Advantages of using a feature store

  1. Reusable Feature Pipelines: Reduces time to build predictive models by enabling the creation of feature pipelines that can be shared and reused across different teams and projects.
  2. Consistency in Feature Engineering: Ensures uniformity of features during both training and production stages, as features are engineered once and used in multiple contexts; reduces SQL redundancies
  3. Point-in-Time Correctness: Automates the maintenance of historical data which helps with retrieving correct values at any specific point in the past, crucial for predictive accuracy.
  4. User Interface (UI): Facilitate easier discovery and management of features, reducing time to model creation.
  5. Model Feature Versioning: Implements version control for features, aiding in tracking changes and maintaining consistency across model iterations.
  6. Online Feature Store: Supports real-time predictions with an online store, potentially valuable for future projects requiring immediate data processing.

Setup

Feast uses a registry that acts as a central catalog which stores the feature definitions and the necessary metadata. At GitLab we store the registry in Snowflake.

There are two ways of interacting with the Feature Store:

  1. Access already created feature views and services
  2. Creating new feature views / services locally and testing them in your own unique database/Feast registry before asking for it to be merged to the production registry

For both of these workflows you need a read access to the FEATURE_STORE.FEAST schema in Snowflake, which can be granted through Access Request.
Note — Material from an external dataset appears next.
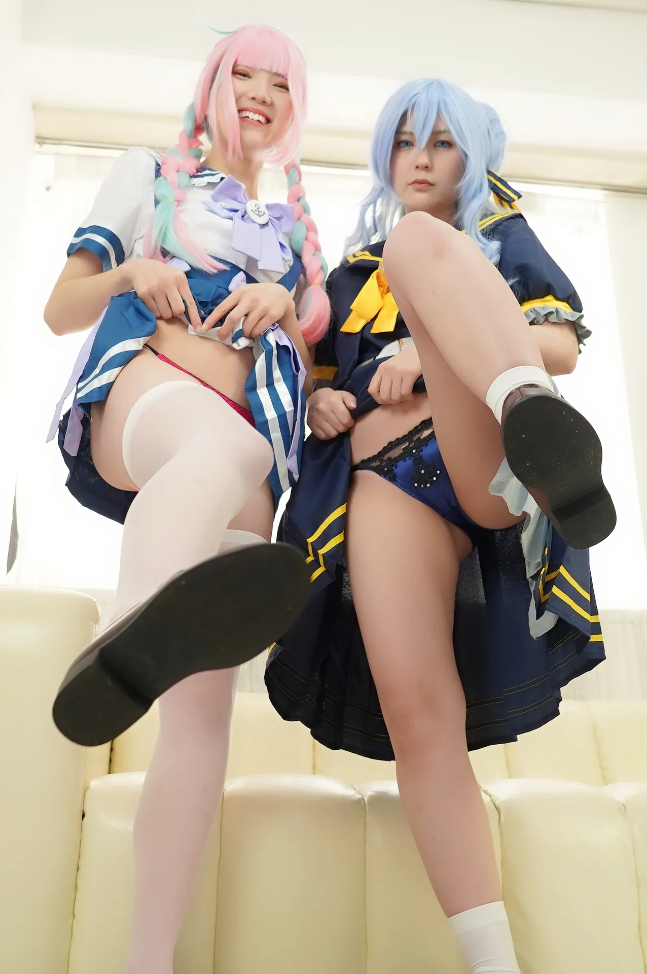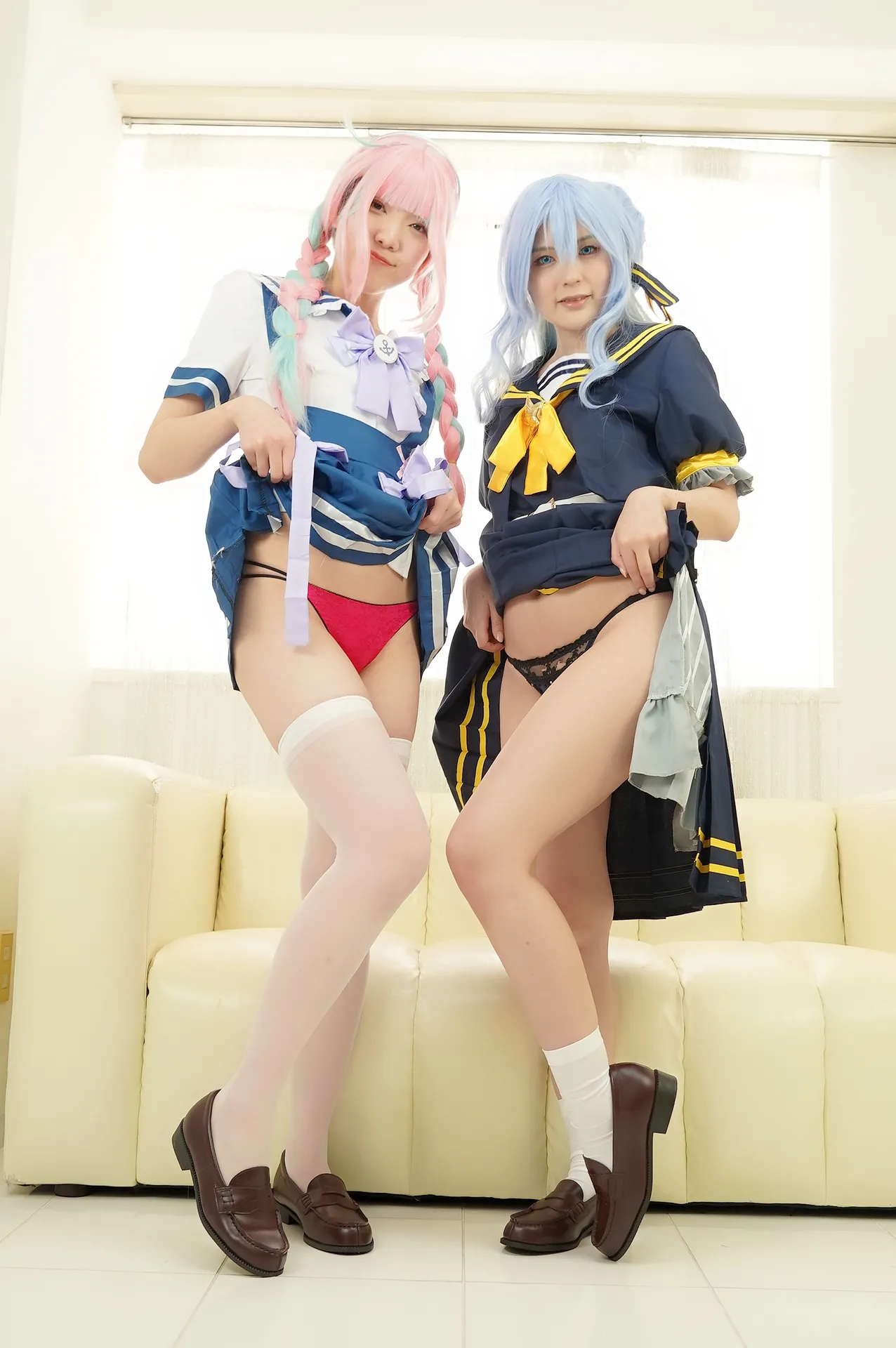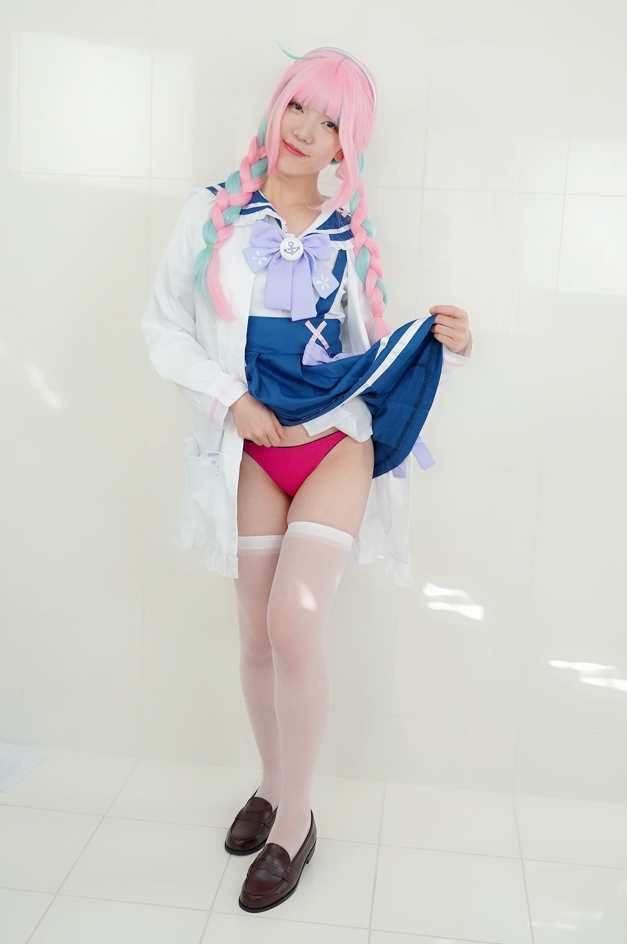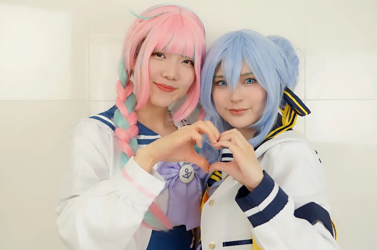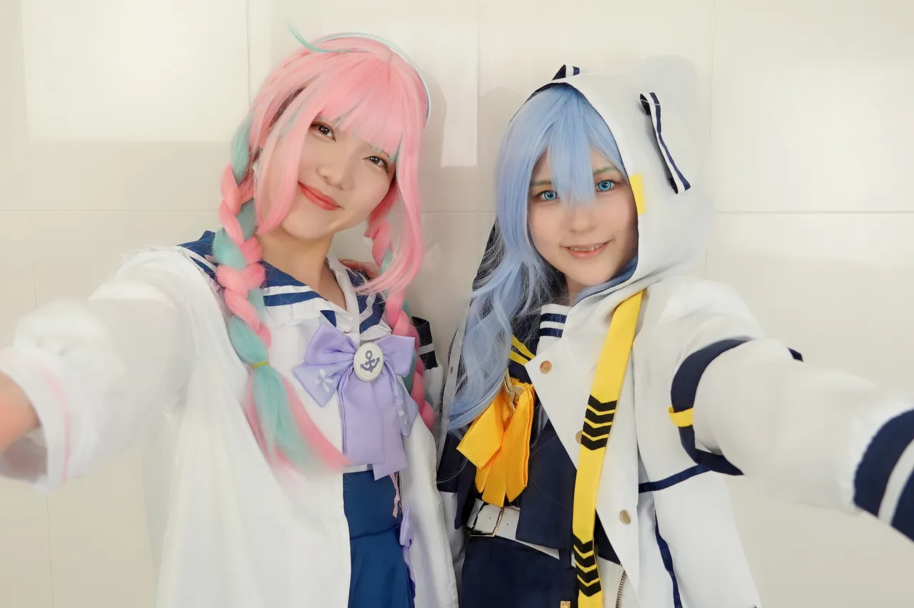 Tags: hentai cosplay, Hololive, Hood, hoshimachi suisei, Makeup, Minato Aqua, stockings, twintails, Vtuber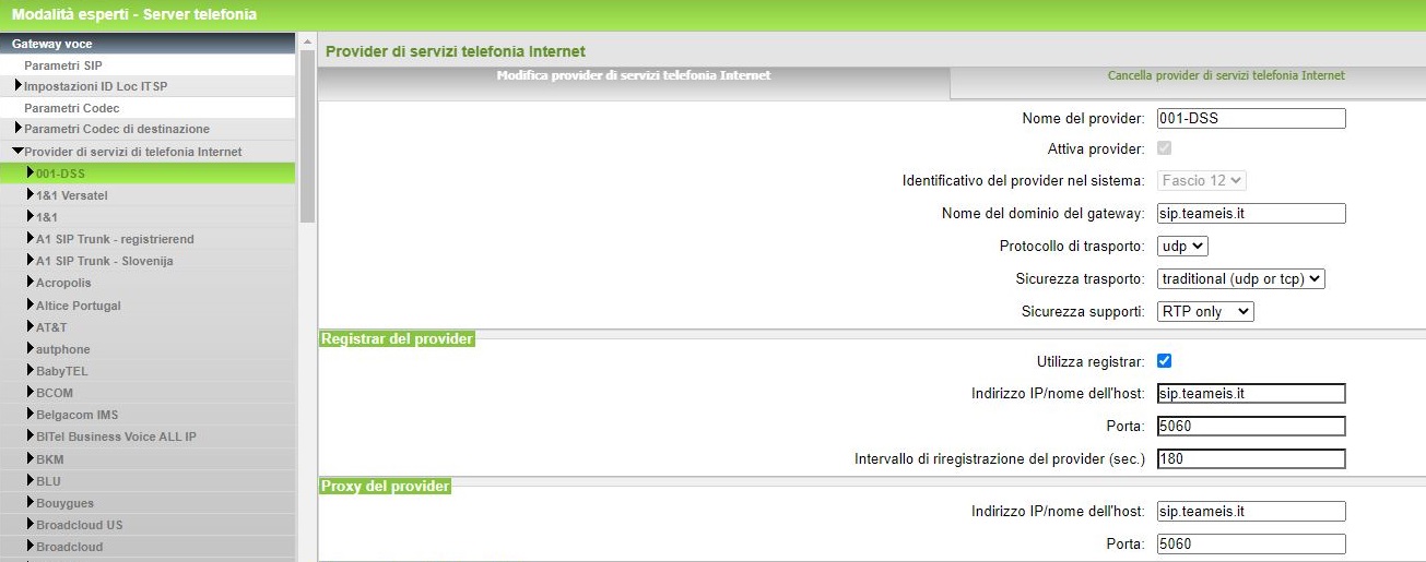 - Come protocollo di trasporto configurare UDP, in caso di deregistrazione dei trunk provare anche ad utilizzare TCP

To connect to the feature store we use the following command in python / jupyter notebook:

from feast import FeatureStore
store = FeatureStore(fs_yaml_file=[credential_yaml_file])
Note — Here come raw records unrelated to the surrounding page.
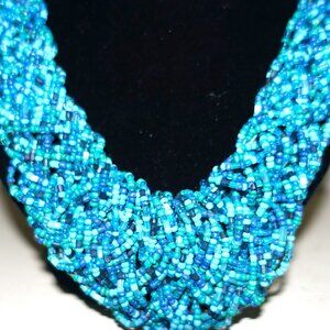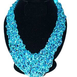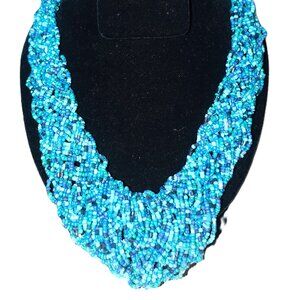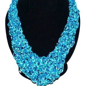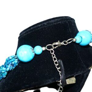You are viewing a cute Faux Turquoise Bib necklace that measure in length 11.5", width 1". The necklace is in very good condition.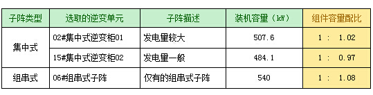 研究分析選取五天太陽(yáng)能資源輻射條件較好的時(shí)間段,分別選取兩個(gè)集中式逆變單元與同一個(gè)組串式逆變器子陣進(jìn)行對(duì)比分析,三個(gè)子陣的具體裝機(jī)信息如下表所示: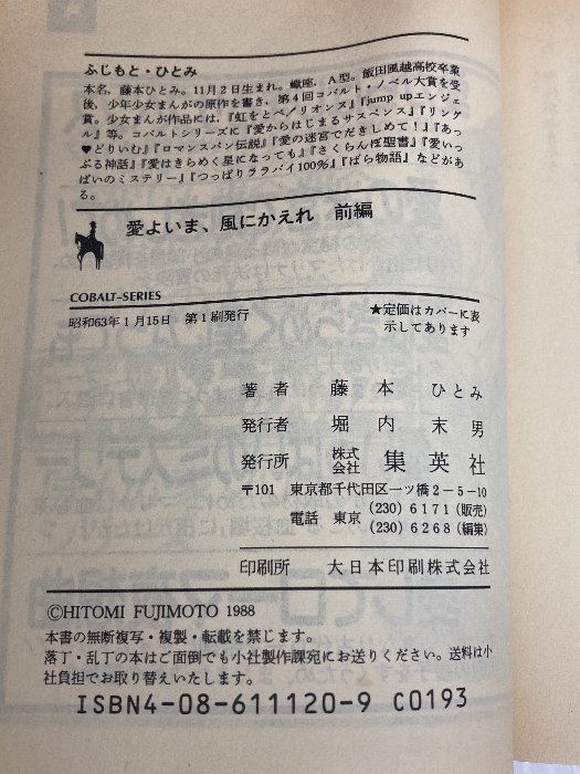 ■商品詳細■ 商品名・愛よいま、風にかえれ(前) まんが家マリナ黒鈴事件 (まんが家マリナシリーズ) (コバルト文庫) 集英社 藤本 ひとみ/ ■商品状態■表紙にスレ、ヤケ、キズ、天地小口に強いヤケ、スレ、キズ、シミ、本に反り、歪み、カバーにヨレ、があります。本を読むことに支障はございません。※注意事項※■毎商品チェック後出品しておりますが、中古品ということもあり、多少の書き込み等のチェック漏れがあった際はご容赦下さい。■付録等の付属品がある商品の場合、記載されていない物は『付属なし』とご理解下さい。■併売販売をしているため、在庫切れの場合はキャンセルとなります。予めご了承ください。

Here [credential_yaml_file] indicates the YAML file with the necessary credentials to connect to the feature store. There are currently 3 credential files that can be chosen (these can be found in the Feast repository):

  1. production_feature_store.yaml: This one connects to the production registry stored in the Snowflake database.schema FEATURE_STORE.FEAST. This YAML is used by the models ran in production and/or trained by CI.
  2. production_local_feature_store.yaml: Similar to above, instead it uses your Snowflake credentials instead of production ones.
  3. staging_local_feature_store.yaml: This one connects to your personal Snowflake database and uses the registry stored there. For example, {YOUR_USER}_PROD.FEAST. This yaml file is only needed if you intend to follow the second workflow.

Instruction

If you only want to interact with the Feature Store as described in the first option (fetching already made feature views / services), then follow only the first 3 steps. If you also want to create new and/or modify feature views and services, complete all of them:

  1. Set up the environment variables in your ~/.zshrc file. These are the variables that are referenced in the [credential_yaml_files]:

    # Feast Development variables
    export FEAST_DEV_SNOWFLAKE_ACCOUNT="GITLAB"
    export FEAST_DEV_SNOWFLAKE_USER="{USER}@gitlab.com"
    export FEAST_DEV_SNOWFLAKE_AUTHENTICATOR="externalbrowser"
    export FEAST_DEV_SNOWFLAKE_ROLE="{USER}"
    export FEAST_DEV_SNOWFLAKE_WAREHOUSE="DEV_XS"
    export FEAST_DEV_SNOWFLAKE_SCHEMA="FEAST"
    export FEAST_DEV_SNOWFLAKE_DATABASE="{USER}_PROD"
    export FEAST_PROD_SNOWFLAKE_DATABASE="FEATURE_STORE"
    export FEAST_PROD_SNOWFLAKE_SCHEMA="FEAST"
    export FEAST_USAGE=False
    

    Where user correspond to your snowflake user. For example, JPEGUERO. Make sure {USER} is in uppercase.

  2. Run the command: source ~/.zshrc

  3. In Snowflake, run the following command: CREATE OR REPLACE SCHEMA {USER}_PROD.FEAST;. For example: CREATE OR REPLACE SCHEMA JPEGUERO_PROD.FEAST;

  4. To run the repository locally install pipenv.

  5. Clone the repository into the ~/repos directory and cd into it.

  6. Finally, run the following commands:

    mkdir .venv
    pipenv install
    make run-feast-local
    

    These commands set up the python virtual environment. If you would also like to run the sample workbook make sure to also install the dev dependencies:

    pipenv install --dev
    

make run-feast-local will run feast apply which creates the necessary infrastructure to deploy the offline store by the feature definitions in the feature_repo directory.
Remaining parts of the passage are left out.